DISTRIBUTION AGREEMENT
THIS DISTRIBUTION AGREEMENT is made and entered into the ____ day
of _____________, 19 ___ by and between THE UPJOHN COMPANY, a Delaware
corporation ("Upjohn"), with offices at 0000 Xxxxxxx Xxxx, Xxxxxxxxx, XX
00000 and ______________ ("Distributor"), a _____________ corporation with
offices at ________________________
WHEREAS, Upjohn is engaged in the business of manufacturing the
products described in Exhibit A attached hereto;
WHEREAS, the Distributor would like to act as Upjohn's distributor
of such products on a nonexclusive basis within the area hereinafter
described;
Now, therefore, in consideration of the promises and agreements
herein set forth, it is agreed as follows:
I. DESIGNATION AS DISTRIBUTOR
1.1 Upon and subject to the terms and conditions contained in this
Agreement, Upjohn hereby designates the Distributor as an authorized
distributor of the products listed and described in Exhibit A attached hereto
and made a part hereof (hereinafter referred to as the "Products"),
throughout the area hereinafter described.
1.2 Distributor hereby agrees that it will distribute and otherwise
undertake to market the Products only within the territory described in Exhibit
B attached hereto and
made a part hereof (hereinafter referred to as the "Territory") and that it
will make deliveries of the Products only within the Territory and only to
persons located within the Territory whom the Distributor has no reason to
believe may take the Products outside the Territory.
1.3 Distributor shall have no right to distribute the Products to
any person or entity that may further distribute the Products without the
written approval of Upjohn.
II. PURCHASE AND RESALE OF PRODUCTS
2.1 Upjohn hereby grants to the Distributor the right, subject to
the terms and conditions of the Agreement, to purchase the Products from
Upjohn for resale only.
2.2 Upjohn agrees to sell and deliver to the Distributor such
Products as the Distributor may order for purchase, to the extent that Upjohn
has such Products available for sale and accepts such orders. No order
submitted to Upjohn by the Distributor shall become effective unless and
until it is formally accepted by Upjohn.
2.3 Upjohn reserves the right to accept or reject any orders
received by it from the Distributor. All orders and deliveries are subject to
the condition that the Distributor's credit standing is, in the sole judgment
of Upjohn's credit department, acceptable.
III. PRICES AND PAYMENT TERMS
3.1 The prices to be paid by the Distributor for the Products,
purchased for resale, in the absence of a specific arrangement in writing to
the contrary, shall be Upjohn's list prices in effect at the time of
shipment. Prices are subject to change by Upjohn at any time upon written
notice to the Distributor. No change in price shall,
however, be effective with respect to any orders received from the
Distributor which have been previously accepted by Upjohn.
3.2 Unless otherwise specifically agreed in writing, payment for any
Products purchased by the Distributor shall be made within the time when such
payment is due under Upjohn's standard terms and conditions for sale as in
effect from time to time. In case of any failure by the Distributor in making
payment for the Products shipped hereunder, Upjohn may, at its option, defer
further deliveries until the overdue payments shall have been made and Upjohn
shall be satisfied that payment will be made for further deliveries.
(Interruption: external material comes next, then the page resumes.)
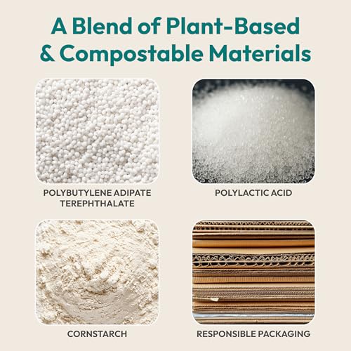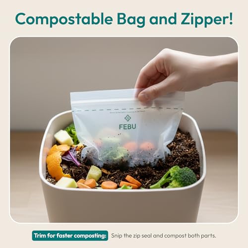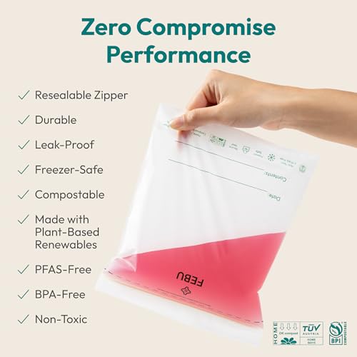 FEBU Compostable Food Storage Bags Variety Pack, 260 Count | Compostable & Biodegradable | PFAS & BPA Free, Non-Plastic | Drawer Organizer Box | 90 Snack, 90 Sandwich, 50 Quart, 30 Gallon

IV. DELIVERY; RISK OF LOSS
4.1 Upjohn shall ship all Products ordered by the Distributor
hereunder in the manner and under the terms specified in Exhibit C attached
hereto and made a part hereof.
4.2 Upjohn will not be responsible for any delays or damages in
shipment occurring after delivery of Products and transfer of title thereto
to Distributor as aforesaid. Distributor will handle the Products strictly in
accordance with Upjohn's shipment instructions.
V. WARRANTIES AND REPRESENTATIONS
5.1 a) Upjohn shall use due care in the manufacture of the Products
sold hereunder in accordance with the provisions of the Federal Food, Drug
and Cosmetic Act (the "Act") and the FDA's Current Good Manufacturing
Practices and other regulations promulgated thereunder relating to the
manufacture of pharmaceutical
products.
(b) Upjohn hereby acknowledges that no Product constituting or
being a part of any shipment made by Upjohn pursuant hereto shall at the time
of any such shipment be adulterated or misbranded within the meaning of the
Act, or regulations promulgated thereunder, as such law or regulation is
constituted and in effect at the time of any such shipment.
5.2 The foregoing warranty is in lieu of any other warranties,
express or implied, including but not limited to any implied warranties of
merchantability or fitness for a particular purpose. Distributor shall not
bind or purport to bind Upjohn to any affirmation, representation or warranty
with respect to the Products to any third party.
5.3 Upjohn and Distributor will cooperate to handle any complaints
of Distributor's customers in an efficient and cost-effective manner,
PROVIDED that Distributor shall not return any Product to Upjohn without
Upjohn's prior written consent in each instance.
VI. OBLIGATIONS OF DISTRIBUTOR
6.1 Distributor shall maintain a stock of all Products and be able
to deliver 100% of orders within two working days.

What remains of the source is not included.